Pienso en las revoluciones que triunfaron recientemente- todas ellas tienen unas características comunes: educación e información. Para cambiar las cosas, la gente tiene que conocer la verdad, tiene que conocer su pasado.

Con ellas se insistió una y otra vez a los ciudadanos de Chile, Argentina y Sudáfrica. No habrá un futuro mejor ni se conseguirá una reconciliación justa y verdadera salvo que el pasado y el presente se analicen y comprendan. Esa es la razón por la que en Chile se tuvo éxito y en Indonesia no. Por eso Sudáfrica, a pesar del cúmulo de problemas y lo complejo de la situación, está en camino de exorcizar sus demonios y dirigirse hacia un futuro mejor.

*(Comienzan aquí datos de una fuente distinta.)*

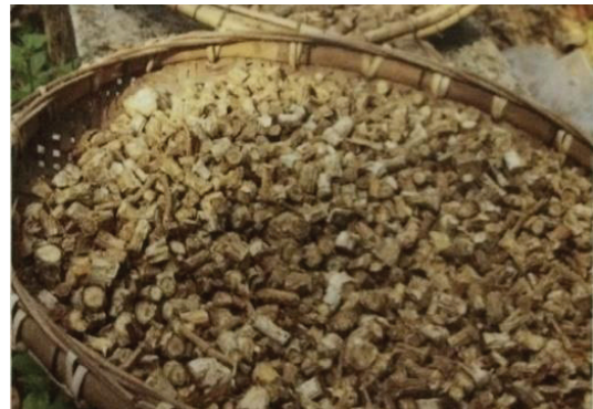
ภาพประกอบ 5 ตัวอย่างสมุนไพร

พื้นบ้านการอนุรักษ์ไว้ซึ่งภูมิปัญญาไทยในการใช้พืชพื้นบ้านรักษาโรค และรักษาวัฒนธรรมพื้นบ้านตามวิถีการแบบดั้งเดิม ในสวนสมุนไพรมีสมุนไพรประเภทต่างๆ กว่า 5,000 ชนิด ซึ่งปลูกไว้ในถุเพาะชำ ในกระถาง ในล้อยาง และในดิน จึงทำให้สวนสมุนไพรแห่งนี้เป็นศูนย์กลางในเรียนรู้เรื่องพืชสมุนไพรให้แก่นักเรียน นักศึกษา เกษตรกร และผู้ที่มีความสนใจ อีกทั้งยังมีตำรารักษาโรคด้วยสมุนไพรพื้นบ้านมากกว่า 50 เล่ม เพื่อการเรียนรู้สำหรับแพทย์แผนไทย และการรักษาผู้ป่วยด้วยยาต้ม เช่น การรักษาตับอักเสบ-ดีซ่าน อากาศปวดเมื่อยบริเวณหลัง ปวดเข่า ปวดสะโพก เจ็บสันเท้า อันเป็นสาเหตุ เนื่องจากไขมันอุดตันเส้นเลือด เป็นต้น รายละเอียดแสดงดังภาพประกอบ 5

Pero occidente- Europa, Estados Unidos y, en gran medida, Australia- viven en la negación continua. Nunca han aceptado en su totalidad la verdad sobre el terror desatado por ellos y que siguen perpetrando contra la gran mayoría del mundo. Todavía son ricos: los más ricos, a costa de la sangre y el sudor de los demás. Todavía son un imperio- un único imperio- unido por la cultura colonialista. Con un tronco y ramificaciones pero uno en su conjunto.

Nunca habrá paz en este planeta, ni una auténtica reconciliación, si no desaparece esta cultura del dominio. Y el único camino para que desaparezca es afrontar la realidad y revisar y asumir el pasado.

La responsabilidad de todo esto recae en quienes conocen el mundo y son conscientes del sufrimiento de sus pueblos, y son ellos quienes tienen que proclamar la verdad, sin importar cuál sea el coste, ni cuantos privilegios puedan perder con cada frase honrada (todos sabemos que el Imperio es vengativo)- No se trata de decir la verdad a los poderosos (no se lo merecen) sino de enfrentarse a ellos. Hay que ignorar las instituciones actuales desde los media al mundo académico, ya que en lugar de ser la solución constituyen parte del problema y son corresponsables de la situación del mundo en que vivimos. Sólo una multitud de voces que repitan lo que todos, excepto los países dominantes, parecen saber; voces unidas en un “Yo acuso”, son las únicas que pueden acabar con los males actuales que dominan el mundo. Pero sólo voces verdaderamente unidas y en multitudes. ¡Con determinación y coraje!